I assume you mean Louis XIV? His 'crime' was financial profligacy in pursuit of imperial power, not a charge that could be levelled uniquely at him, I think. Adam, if you think that the Bourbon regime was 'as violent' as that of the Revolution you really need to deepen your understanding of French history. One might as easily make the same point about the Russian and Chinese imperial regimes and the communists.
ReplyDeleteYes, I have no argument with that. :-))

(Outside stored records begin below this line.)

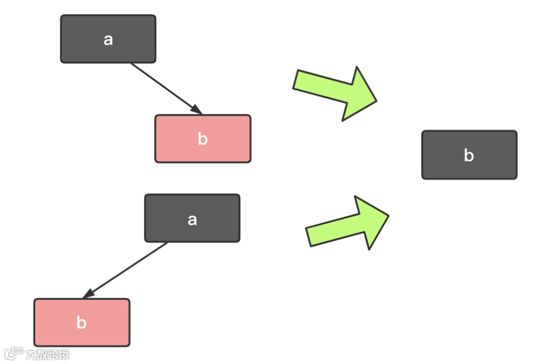 节点 a 只能是黑色,节点 b 也只能是红色,其他情况均不符合红黑树的定义。此时把节点 b 改为黑色。调整结束,不需要进行二次调整。
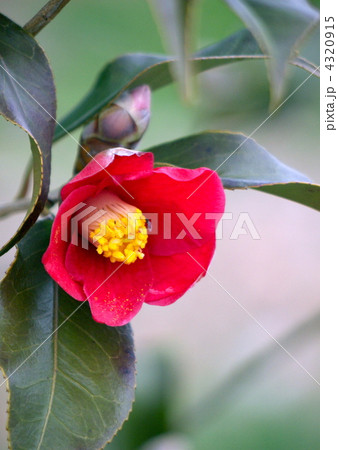 ツバキ 藪椿 やぶつばき 赤い花びら 一輪
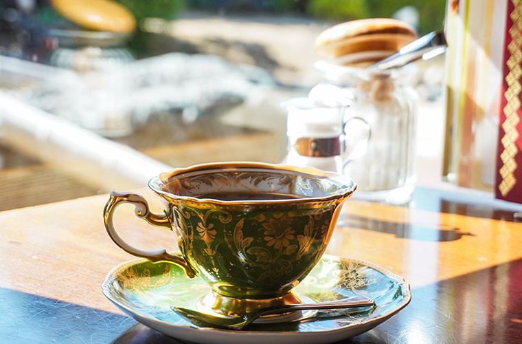 日常の喧騒を離れ、心を休める場所「珈集」。日本庭園の緑を映すカップの中で、自家焙煎コーヒーが静かに湯気を立てる。そんな心地良さを求めて、訪れてみませんか?
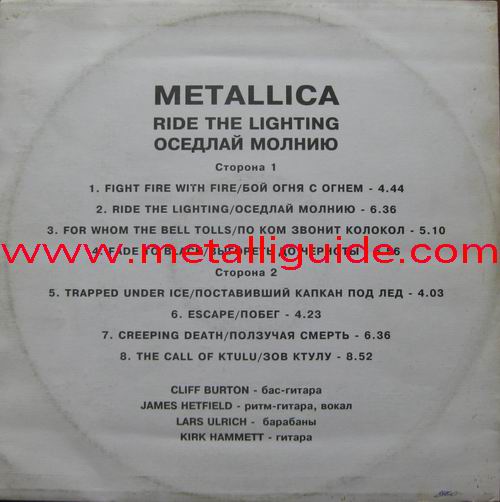 Notes: With photocopied cover (no inner sleeve). The cover is "fuzzy", also says "Ride The LIGHTING" on back. Back cover has tracklist in English & Russian.
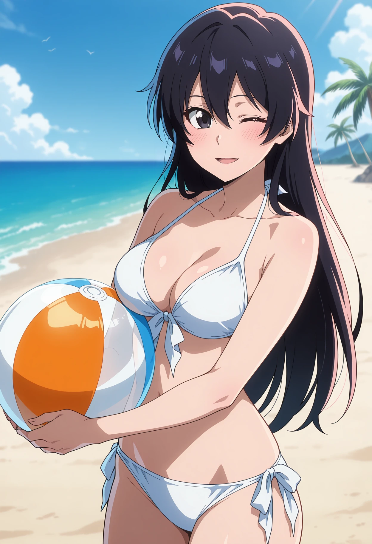 hair between eyes, long hair, black hair, black eyes, peaked cap, white headwear, high collar, white cape, military uniform, white jacket, sleeves rolled up, white gloves, heart belt, miniskirt, pleated skrit, white skirt
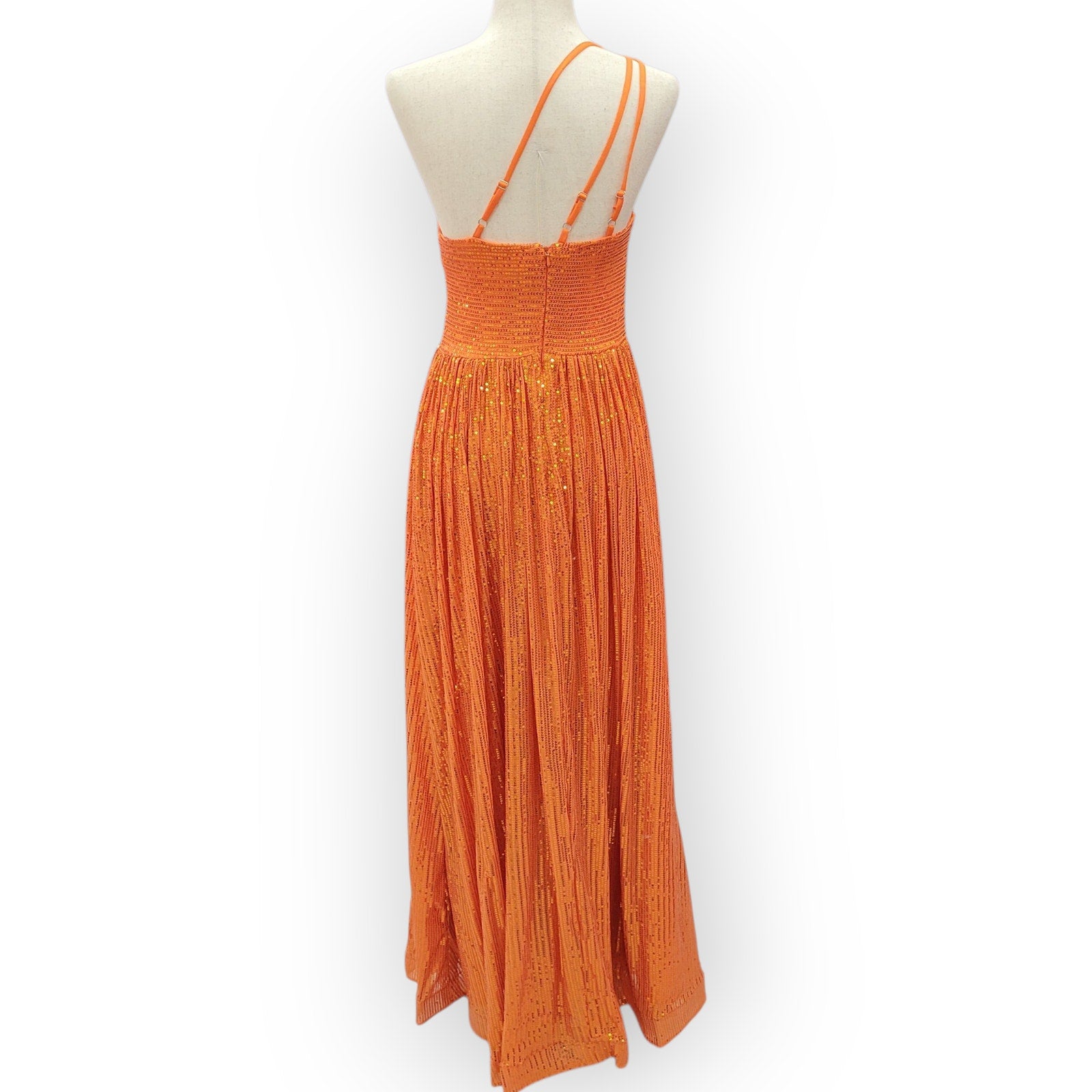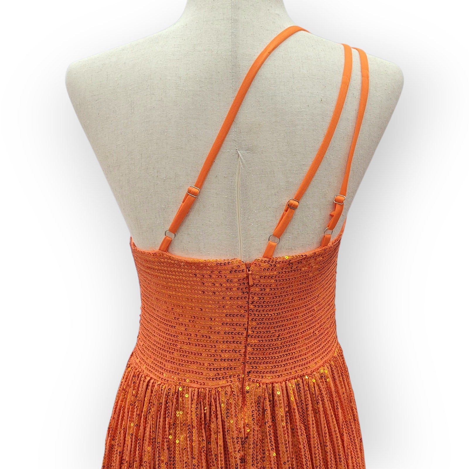 Orange One Shoulder A-Line Gown with Gathered Skirt and Three Straps Across Back
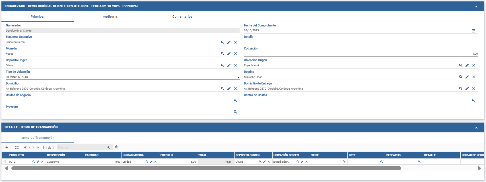 - Destino: cliente que realiza la devolución.

I'd also get on with him better than anyone at the Bishops Broadcasting Corporation, who insult atheists by portraying us all as petty copies of Dawkins--something we are most certainly not. And when it comes to balance, the insulting tones they've used about Protestantism all week, have made one think they were once again salivating over the carnage of an IRA bomb, as the organisation the majority of news people at the BEEB hold that gang in a similar light to that of Ken Linvingston...ironic that both he and the Real IRA are trying to ruin London again. Couldn't make that one up.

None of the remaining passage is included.